▸ Available data:
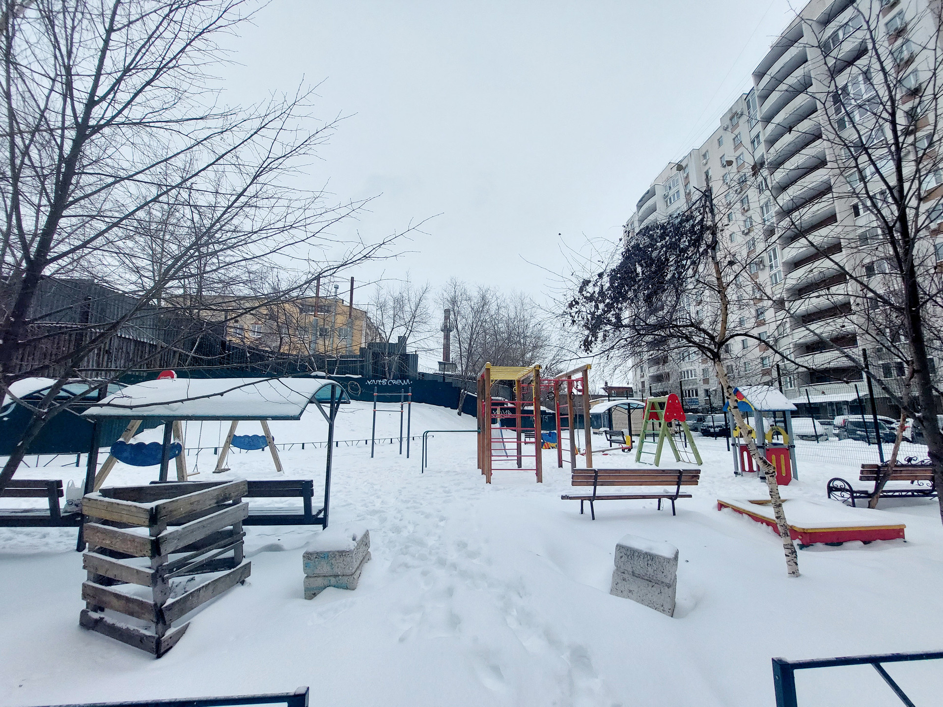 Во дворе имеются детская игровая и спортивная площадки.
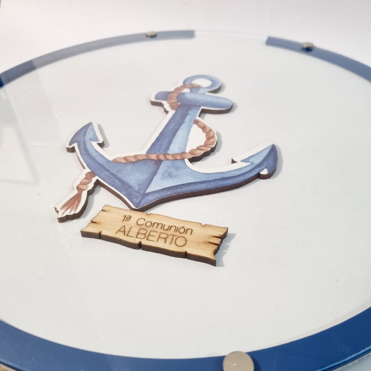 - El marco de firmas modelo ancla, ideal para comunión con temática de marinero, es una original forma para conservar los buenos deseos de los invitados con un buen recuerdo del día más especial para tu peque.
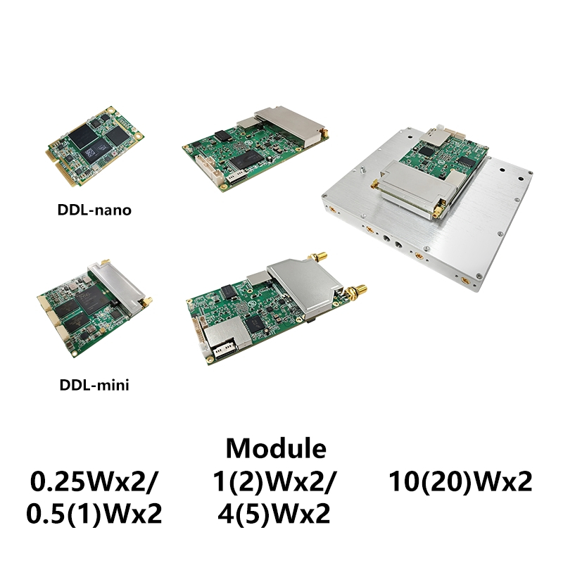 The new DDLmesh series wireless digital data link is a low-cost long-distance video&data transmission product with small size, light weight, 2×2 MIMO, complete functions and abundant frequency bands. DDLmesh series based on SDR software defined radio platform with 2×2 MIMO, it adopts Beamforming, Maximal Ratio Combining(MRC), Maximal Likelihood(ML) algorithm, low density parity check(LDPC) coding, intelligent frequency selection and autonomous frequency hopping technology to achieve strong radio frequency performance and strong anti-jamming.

▸ Your assignment: Your answer must be an exact copy of the listing, with every picture omitted.

▸ Task response:
 Во дворе имеются детская игровая и спортивная площадки.
 - El marco de firmas modelo ancla, ideal para comunión con temática de marinero, es una original forma para conservar los buenos deseos de los invitados con un buen recuerdo del día más especial para tu peque.
 The new DDLmesh series wireless digital data link is a low-cost long-distance video&data transmission product with small size, light weight, 2×2 MIMO, complete functions and abundant frequency bands. DDLmesh series based on SDR software defined radio platform with 2×2 MIMO, it adopts Beamforming, Maximal Ratio Combining(MRC), Maximal Likelihood(ML) algorithm, low density parity check(LDPC) coding, intelligent frequency selection and autonomous frequency hopping technology to achieve strong radio frequency performance and strong anti-jamming.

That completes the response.